China's Technology Drive Leaves Youth Unemployed: Cause for Alarm.
The controversial move of the Chinese government was to freeze the publication of updated data after the unemployment rate among China's youth reached a record 21.3% last year. After months of revising the methodology, the National Bureau of Statistics excluded students from the figures, which cut almost a third off the jobless rate by December. However, according to many experts, these changes did little to deal with the actual problem since, again in July, the rate of unemployment amongst youths soared once more, shooting up a steep one-third to 17.1%.
Data Manipulation vs. Ground Reality
But experts say such tinkering by the Chinese government does little to solve the deep-rooted problem. Jiayu Li, a senior associate at Global Counsel, says that the unemployment data does not relate to reality because rural workers suffer more compared to their urban peers. According to Li, "Even after questionable methodological revisions, the numbers are still rising, highlighting the gravity of the problem.
Why China's Job Market Is Failing the Youth
Still-growing, but reduced, economic growth-forecasted at 5% this year-has not been enough to create jobs for 12 million graduates hitting the job market every year. This job market crisis is influenced by a number of factors, including:
- Structural Economic Issues: The post-pandemic economic recovery in China was very slow and further worsened by trade tensions with the West.
- COVID-19 Impact: The pandemic disrupted the industries, thus facing slower recovery in their job markets.

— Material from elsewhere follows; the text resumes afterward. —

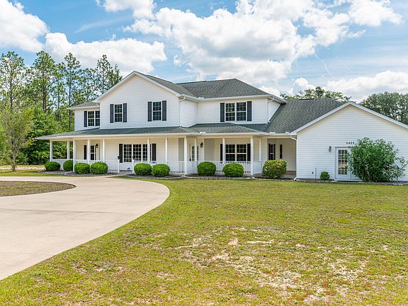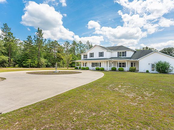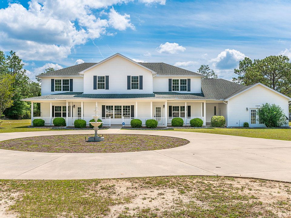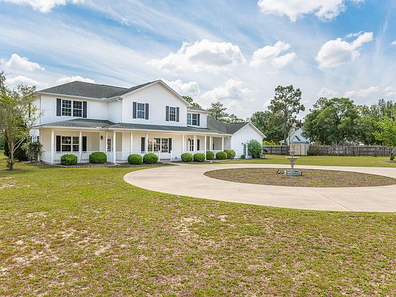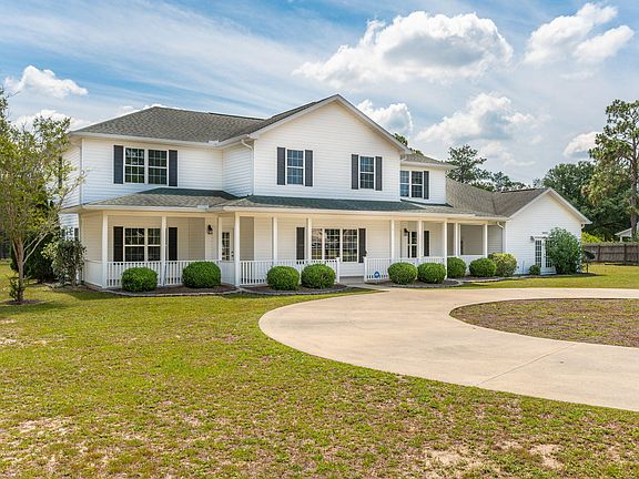 NEW ROOF ANDRECENTLY RENOVATED w/ new flooring, fresh paint, new lighting! Don't miss this sprawling 5 bd/4.5 ba estate w/ over 5,100 sq ft (heated/cooled) and situated on 2+ acres. Greeted by a circular driveway leading up to the large front porch, step inside the home to the inviting and spacious living room and semi open floor plan. The kitchen boasts solid cabinets, breakfast bar and pantry. Two oversized master suites are located on the first floor and 3 add'l oversized bedrooms are located upstairs. An additional room upstairs could be used as a 6th bedroom although there is no closet. A separate front entrance to the home leads into what has been used as both a workshop and large office space, but has endless possibilities...has a bathroom and would make a great Mother-In-Law suite The home has an upstairs storage area and a carport w/ rear access off of Pinderosa Lane. Many possibilities with this large home. Easy access to both Crestview, DFS and via 285 to Niceville and military bases! Schedule your showing today! Buyer to verify all areas of importance!
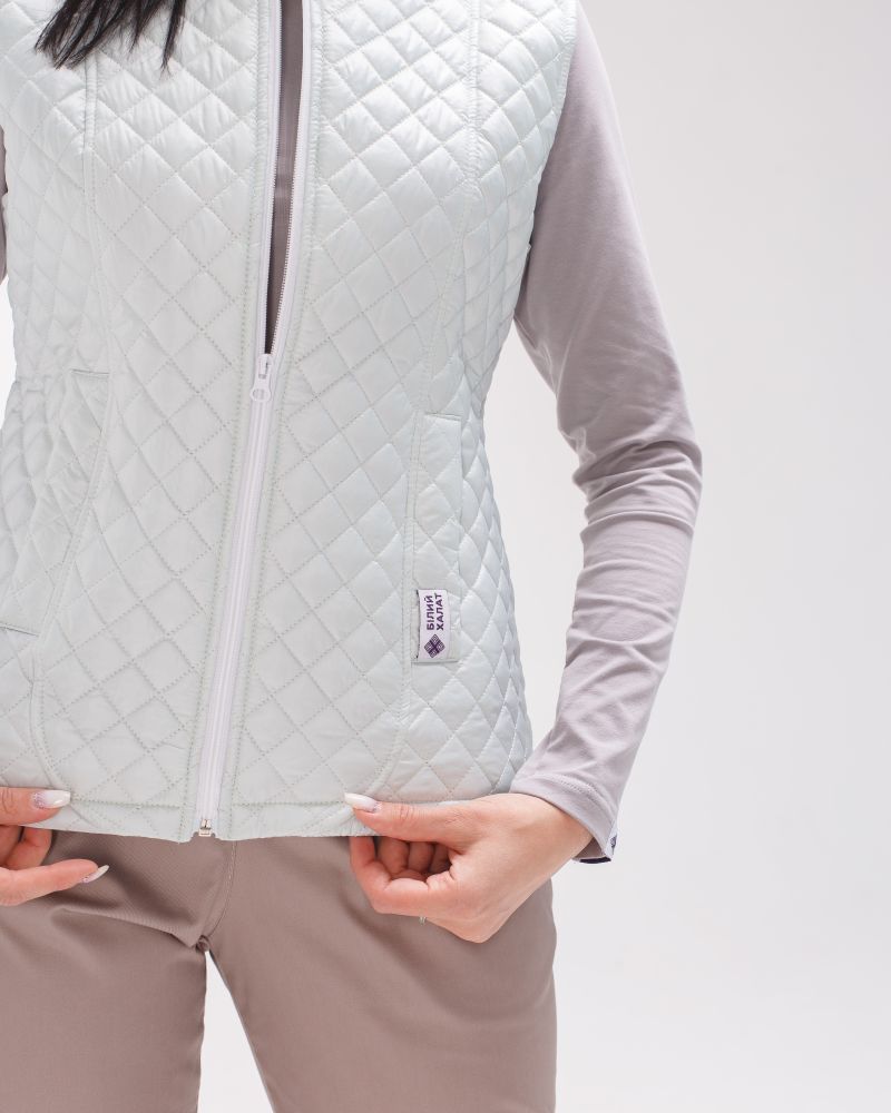 Стіганий жилет на блискавці, виконаний з плащової тканини і утеплений синтепоном 120. Має напівприталений фасон і дві місткі кишені. У складі 100% поліестер. Медичний утеплений жилет має дві втачні кишені і круглий виріз горловини. Модель має високу зносостійкість і практичність у використанні. Жилетка представлена в різних кольорах на вибір.

- Xi Jinping's Crackdown: President Xi's clampdown on technology, real estate, and private education sectors throughout 2020 and 2021 crippled those industries and triggered unprecedented mass layoffs among younger people.
The most profound impacts came from China's cratered tech giants, which lost more than one trillion dollars in market value thanks to Xi's reforms. The once-hot education-technology sector offered supplementary tutoring to more than 75 million students and provided jobs to millions in the private tutoring sector. It was badly beaten. The government's reforms brought massive layoffs.
But another potent force feeds unemployment-a major cultural shift. Many young Chinese eschew blue-collar work, instead competing fiercely with one another for white-collar jobs, which are much rarer. According to research from Beijing's Capital University of Economics and Business, close to half of the nation's 400 million manual laborers are older than age 40, a clear indication that job markets increasingly clash with the employment aspirations of youths.
According to Nicole Goldin, a senior fellow at the Atlantic Council: "The demand for vocational skills is great, but young workers still view such jobs as inferior to white-collar work. To their credit, the Chinese government has begun implementing educational reforms and incentives targeted at the structural issues, but it may be a long time before the effects can be realized."
Conclusion
Youth unemployment is but another manifestation of general economic maladies furthered by regulatory crackdowns, cultural shifts, and a shifting job market. As the government works out a way, it still remains that the supply-demand gap between available jobs and young workers' expectations stays relatively large. Without serious reform and realignment of opportunities in the job market, this may be further deteriorating, maybe even threatening long-term economic stability in the country.